Nikki Hind is recognised as Australia’s first legally blind fashion designer, though many people still laugh out loud when she tells them that.
“Obviously there’s a real irony in that to people,” she says.
“I’m very, very proud of [being the first], and it also kind of shocks me and disappoints me too.”
The Albury-based Hind says she struggles with the “elitism” attached to fashion, but doesn’t think you need vision to appreciate or design it.
“That beauty and strength and desirability and passion and playfulness — all those things — they definitely originate from the inside.
“It really is precious little to do with the perfect bust size, height, hair, eye colour, number of limbs.
“Once you put your clothes on and you’ve checked yourself out in the mirror, you don’t even really see it for the rest of the day … it’s 98 per cent how it makes you feel.”
Ms Hind says she regards fashion as fundamentally “grown-up dress-ups”, and gets a lot of her inspiration from music videos and fantasy scenes.
She has partial sight in one eye, which to her is sufficient for everything except pattern making.
“I was not born legally blind, and in fact was in my early 30s and I lost my vision — I’m a very visual person so there’s so much stored in my brain.”
Ms Hind has presented her own show at Melbourne Fashion Week, worked for three years as inclusion consultant with Australian Fashion Week, and has her own label.

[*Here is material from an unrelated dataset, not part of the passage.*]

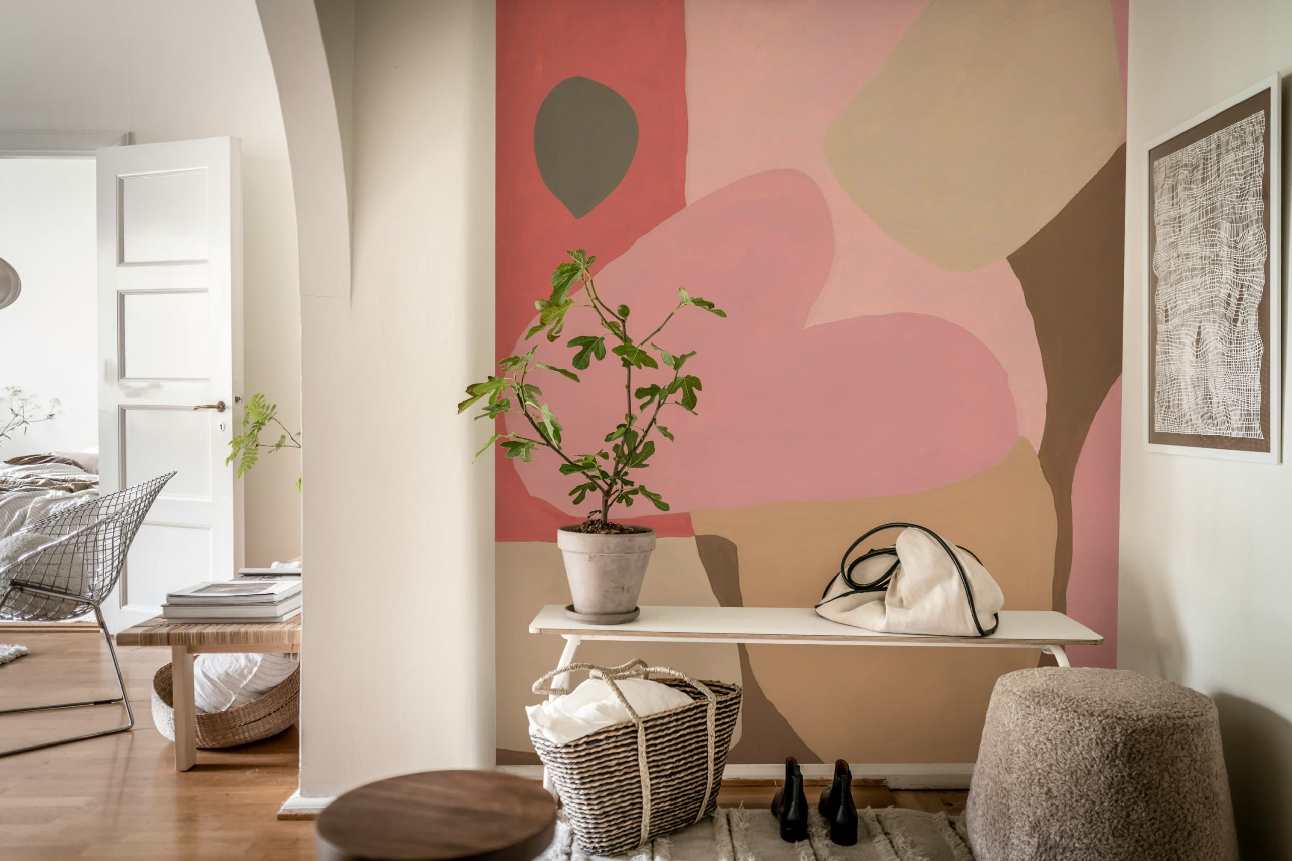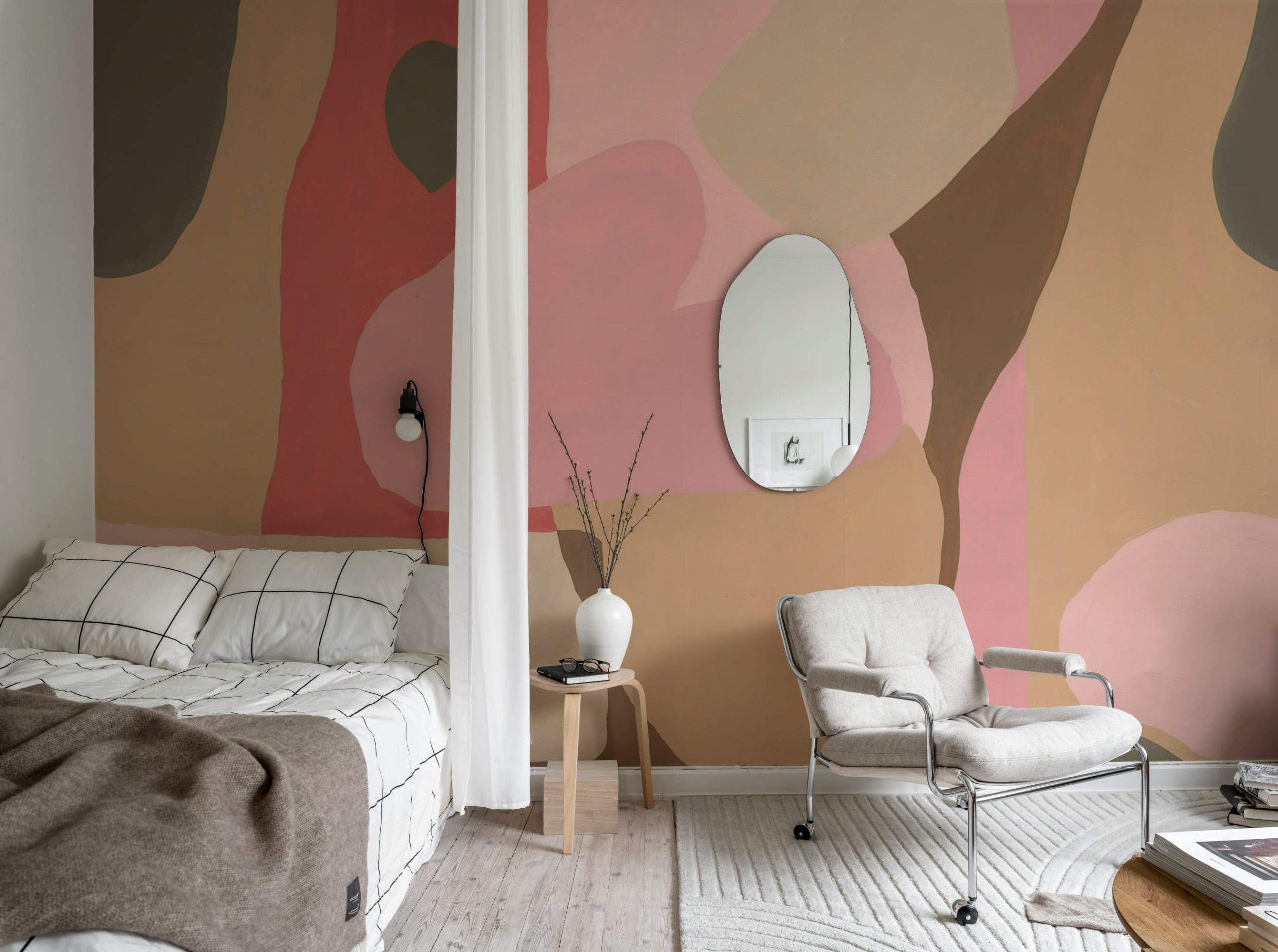 Adaugă un strop de culoare și modernitate interiorului tău cu acest model abstract în tonuri calde de roz și maro. Perfect pentru un decor elegant și primitor.

Blind Grit comprises a team of people with lived experience of disability and trauma, as it was important to Ms Hind to provide opportunities for aspiring photographers, models, stylists and designers.
“I think it’s overlooked and underestimated how following your dream gets waysided when you have a disability very quickly,” she says.
This commitment to ensuring everyone has access to ambition makes her a fitting choice for a new children’s series from Vision Australia featuring various careers.
The first book, about blind surfer Matt Formston, was released in March, and Ms Hind’s instalment comes out in September.
She is working on a new collection to be launched at the same time.
“Being part of a movement that is about trying to give equal access to dreams and aspirations to children with disability is just huge for me,” Ms Hind says.
“The speech wasn’t, ‘I have a five-point plan’, it was, ‘I have a dream’ — it’s so incredibly powerful, and to have that stripped away from you when you are a child because you were born physically different in some way is not OK by me.”
The Big Visions series is the first in braille and text to be available in mainstream Australian bookstores, according to Vision Australia library manager Vildana Praljak.
“[We want to make sure] blindness and low vision is not seen as a hindrance or otherness or something that’s quite difficult or you’re just not sure what to do with it,” she says.
“Nikki’s … story is really overcoming barriers and challenging stereotypes that someone who’s blind actually should not be, or cannot be, looking after their personal presentation and appearance and have an individual style and express themselves through that style.”
Ms Praljak also has low vision and describes herself as fashion “obsessed”, but says it’s not traditionally welcoming for blind people.
“It is something that requires a lot of matching of colours and … understanding a lot of fashion jargon, which to someone who’s born blind may be very overwhelming and almost like something that’s untouchable,” she says.
“Nikki absolutely challenged that space.”